Outlook
The peso is expected to stay broadly stable in 2026, trading roughly between 18 and 20 pesos per USD as Mexico’s economy performs, Banxico maintains anti-inflation discipline, and nearshoring supports investment flows. The backdrop remains supportive, but the path will hinge on U.S. policy decisions and trade developments.
Key drivers
- Stable rate differential and carry appeal: Banxico’s easing path has been more gradual than the Fed’s, supporting a steady peso while inflation is kept in check.
- Tariffs and trade talks: U.S. duties on Mexican autos have created uncertainty; Mexico is seeking to delay implementations to mitigate near-term peso volatility.
- Nearshoring and investment: Strong inflows into Mexico’s manufacturing sector bolster demand for Mexican assets and help underpin the peso.
- Macro momentum and inflation: Mexico’s growth trajectory and inflation outlook influence Banxico’s policy stance and capital flows.
Range
MXN/USD is at 90-day highs near 0.058279, about 4.0% above its 3-month average of 0.05603, having traded in a relatively stable 7.8% range from 0.054040 to 0.058279.
MXN/EUR is at 90-day highs near 0.049108, about 2.7% above its 3-month average of 0.047816, trading in a stable 4.9% range from 0.046825 to 0.049108.
MXN/GBP at 0.042678 is 2.3% above its 3-month average of 0.041704, with a range from 0.040994 to 0.042716.

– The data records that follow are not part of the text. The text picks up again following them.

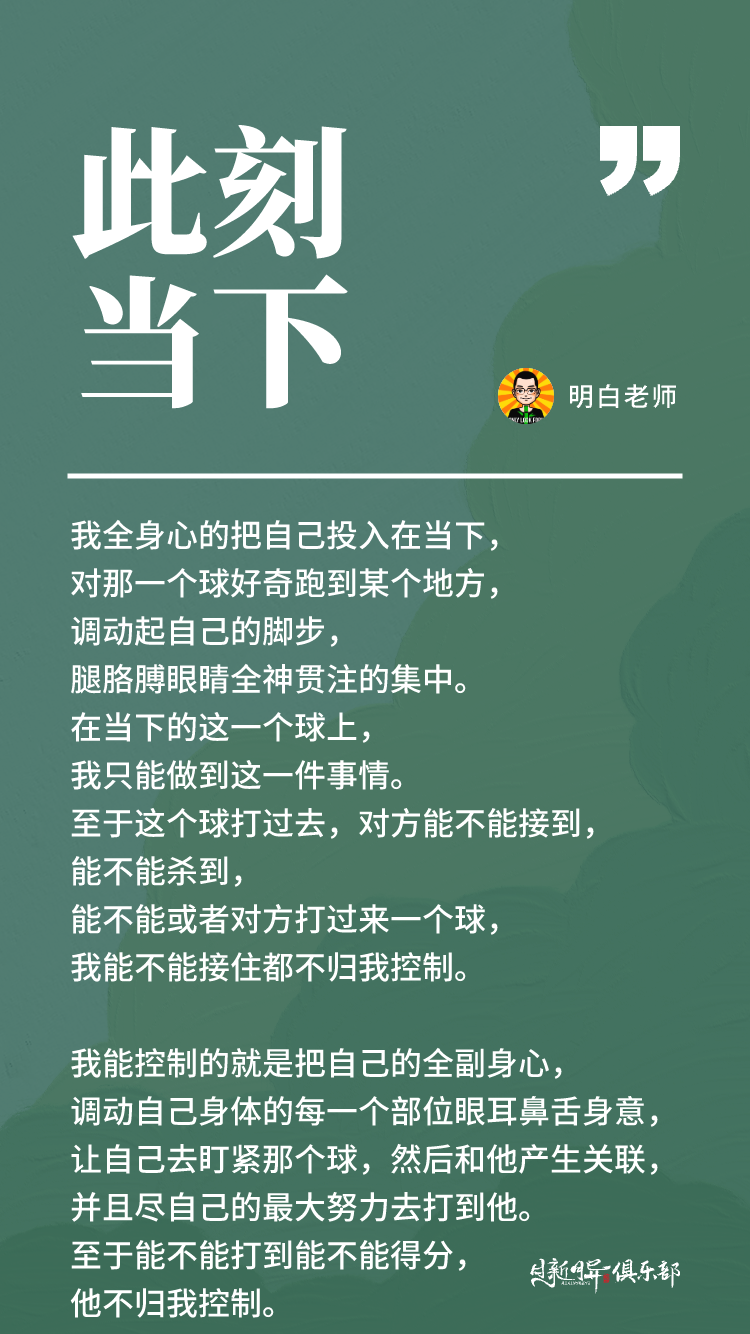 我能控制的就是把自己的全副身心,调动自己身体的每一个部位眼耳鼻舌身意,让自己去盯紧那个球,然后和他产生关联,并且尽自己的最大努力去打到他。至于能不能打到能不能得分,他不归我控制,我觉得这是一个生活非常重要的一个哲学。
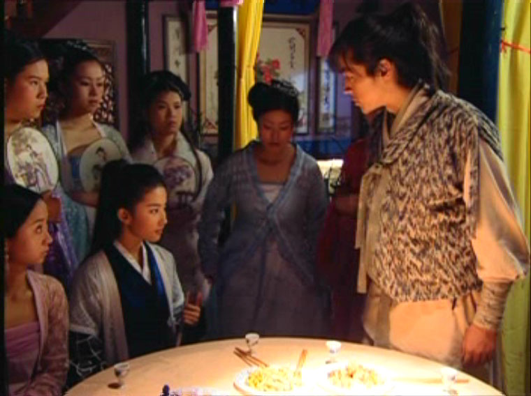 Ling’er disguises as a man to sneak into a brothel to see what Xiaoyao has been doing there.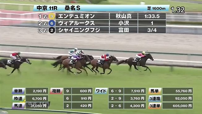 ◎エンデュミオン(9人気)1着 単勝2,190円、複勝600円

MXN/JPY at 8.8966 is 1.7% above its 3-month average of 8.7476, trading in a fairly volatile 8.5% range from 8.4232 to 9.1351.
What could change it
- U.S. policy moves: faster or more aggressive Fed rate cuts, or a shift in risk sentiment, could impact MXN demand and volatility.
- Banxico policy surprises: unexpected inflation dynamics or a shift in the rate path could alter carry and pricing.
- Trade developments: escalation or resolution of U.S. tariffs on Mexican goods will affect near-term peso direction.
- Investment flows and risk appetite: shifts in nearshoring momentum or broader global risk appetite can influence demand for Mexican assets.